- _DATA SEGMENT_:
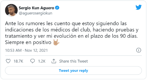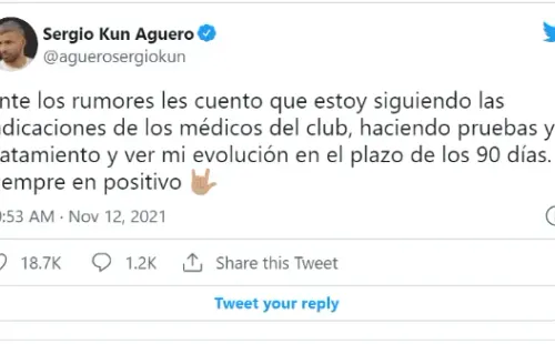 “Ante los rumores les cuento que estoy siguiendo las indicaciones de los médicos del club, haciendo pruebas y tratamiento y ver mi evolución en el plazo de los 90 días. Siempre en positivo”, expresó el ex-Manchester City en su cuenta oficial de Twitter. Tranquilidad.
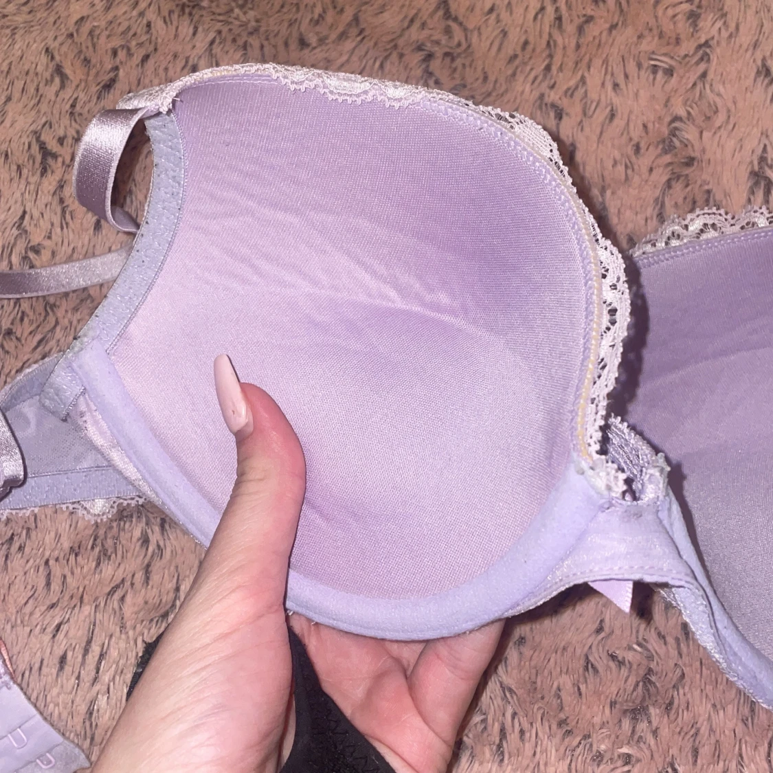 Säljer en vacker lila bh från Hunkemöller med spetsdetaljer och en söt rosett framtill. Säljer då den var för stor.
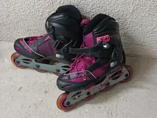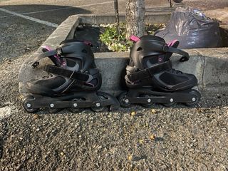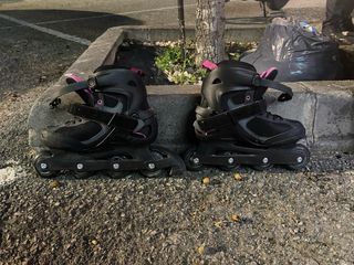 Se venden patines en línea en color negro con detalles en rosa. - Cierre de velcro y hebilla. - Ruedas de poliuretano. - Bota acolchada para mayor comodidad. Muy poco uso.

- _WHAT TO DO_: Copy out all the data exactly; skip the pictures.

- _RESULT_:
 “Ante los rumores les cuento que estoy siguiendo las indicaciones de los médicos del club, haciendo pruebas y tratamiento y ver mi evolución en el plazo de los 90 días. Siempre en positivo”, expresó el ex-Manchester City en su cuenta oficial de Twitter. Tranquilidad.
 Säljer en vacker lila bh från Hunkemöller med spetsdetaljer och en söt rosett framtill. Säljer då den var för stor.
 Se venden patines en línea en color negro con detalles en rosa. - Cierre de velcro y hebilla. - Ruedas de poliuretano. - Bota acolchada para mayor comodidad. Muy poco uso.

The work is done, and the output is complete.